DATA UNDER STUDY:
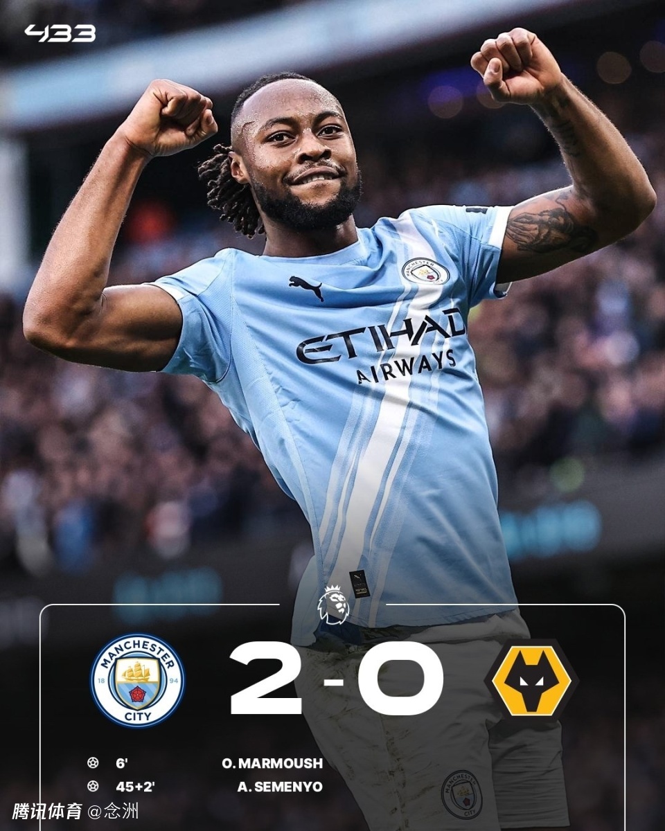 英超第23轮,曼城主场2-0狼队,结束4轮不胜,先赛一场距榜首4分。努内斯助攻马尔穆什破门,马尔穆什立柱,莫斯克拉禁区内手球,VAR介入,主裁判观看大屏幕后示意没有点球,塞梅尼奥再下一城+击中横梁。
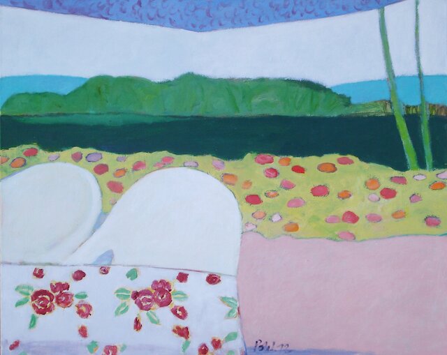 Christina Pohl, Garten am Fluss, Öl auf Leinwand
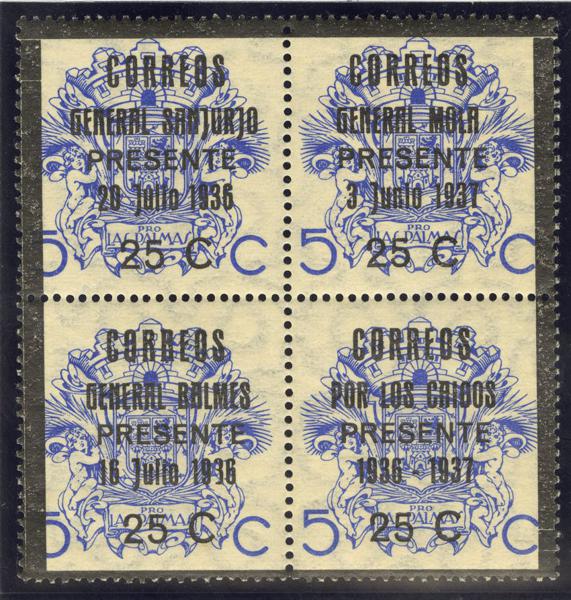 ★1937. Set of four block sheets of EPILA, 5 cts green + 5 cts chestnut, 5 cts blue + 5 cts pink and PRO AVION 5 cts blue + 5 cts pink with black and blue surcharges. MAGNIFICENT. (Fesofi 5, 5B, 11, 12 and Allepuz 22, 24, 27, 28)
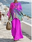 نسائي مجموعات السراويل كم طويل رقبة دائرية ورد الرسم طباعة موضة أناقة الشارع فضفاض مناسب للبس اليومي الأماكن المفتوحة أرجواني أخضر رمادي الصيف فضفاض صالح
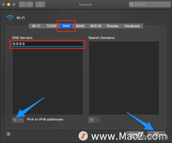 5.单击加号图标,然后将DNS服务器更改为 Google DNS 8.8.8.8 或 Cloudflare DNS 1.1.1.1, 然后单击“确定”。
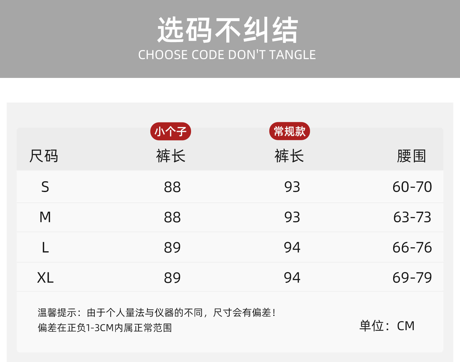 Outseam (cm) 99 cm 101.5 cm 104 cm 106.5 cm 109 cm
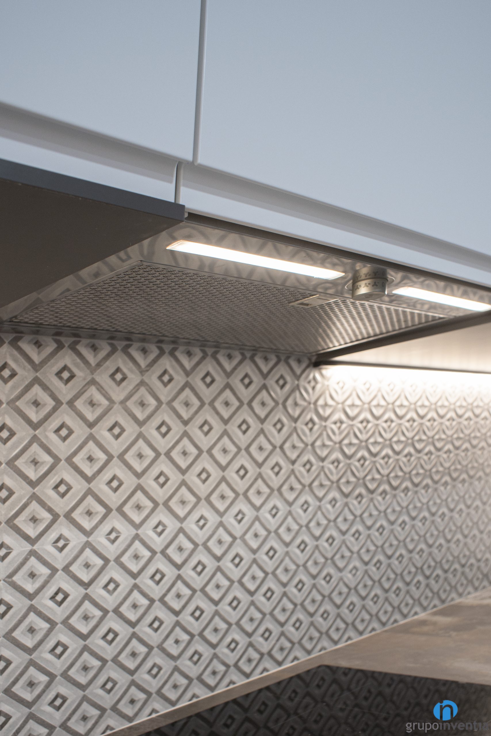 A la banda esquerra s’han deixat buits a mida per integrar diversos electrodomèstics. Concretament una nevera, un microones i un forn. Seguidament neix un taulell que funciona com a superfície de suport. Al taulell central s’ha instal·lat la nova placa vitroceràmica.
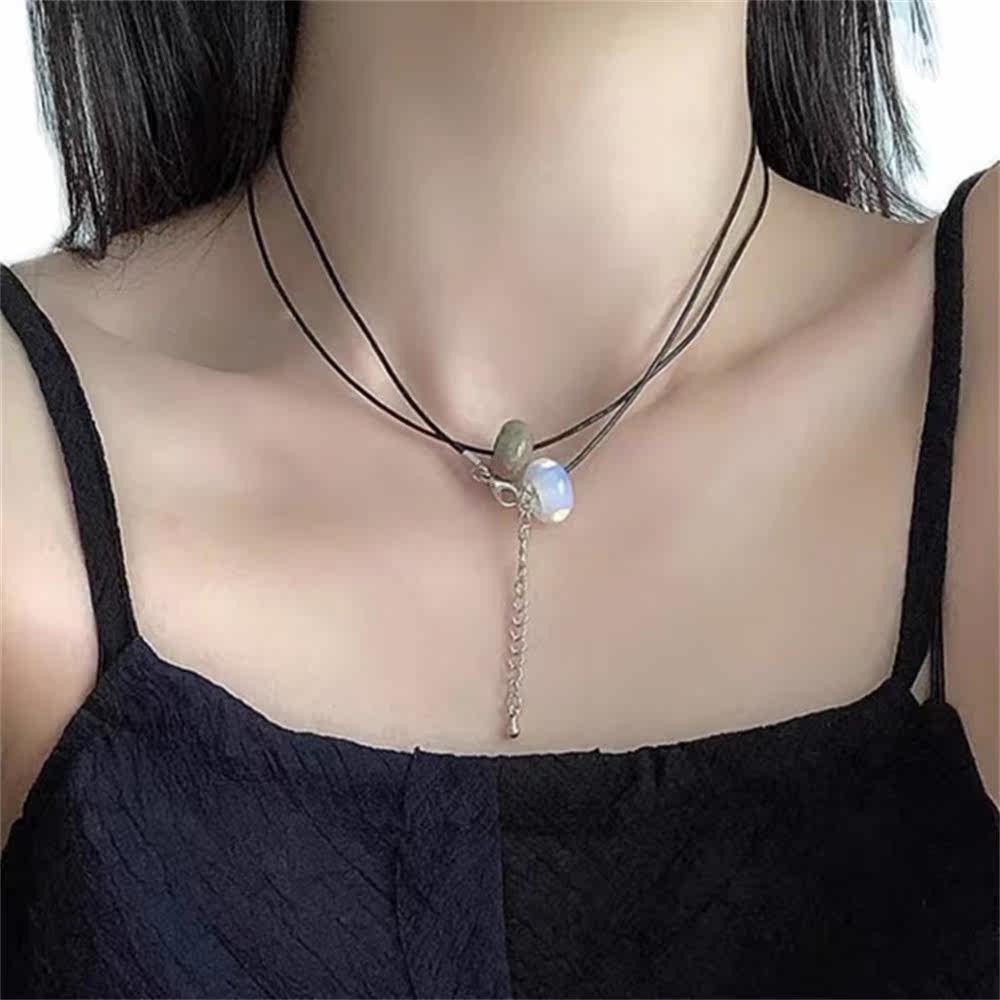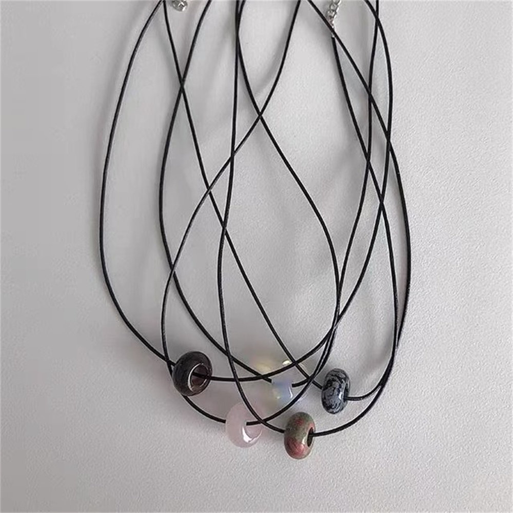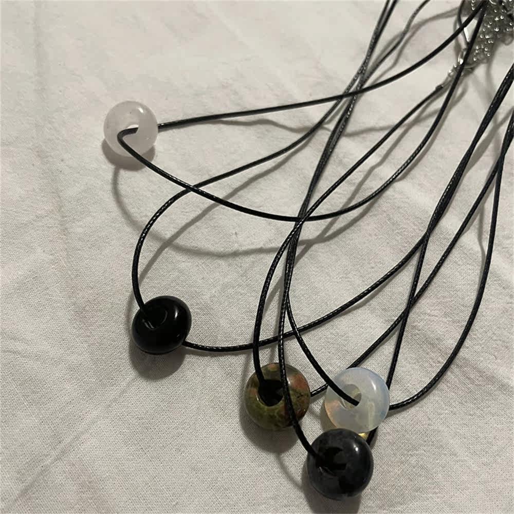 Vintage Jade Beads Round Stone Pendant Necklaces for Women C

ABOUT THIS EXERCISE: The result is an exact copy of the lines from the one holding "نسائي مجموعات السراويل" through the final line of the data above, both ends included, minus the pictures.

WRITTEN ANSWER:
 نسائي مجموعات السراويل كم طويل رقبة دائرية ورد الرسم طباعة موضة أناقة الشارع فضفاض مناسب للبس اليومي الأماكن المفتوحة أرجواني أخضر رمادي الصيف فضفاض صالح
 5.单击加号图标,然后将DNS服务器更改为 Google DNS 8.8.8.8 或 Cloudflare DNS 1.1.1.1, 然后单击“确定”。
 Outseam (cm) 99 cm 101.5 cm 104 cm 106.5 cm 109 cm
 A la banda esquerra s’han deixat buits a mida per integrar diversos electrodomèstics. Concretament una nevera, un microones i un forn. Seguidament neix un taulell que funciona com a superfície de suport. Al taulell central s’ha instal·lat la nova placa vitroceràmica.
 Vintage Jade Beads Round Stone Pendant Necklaces for Women C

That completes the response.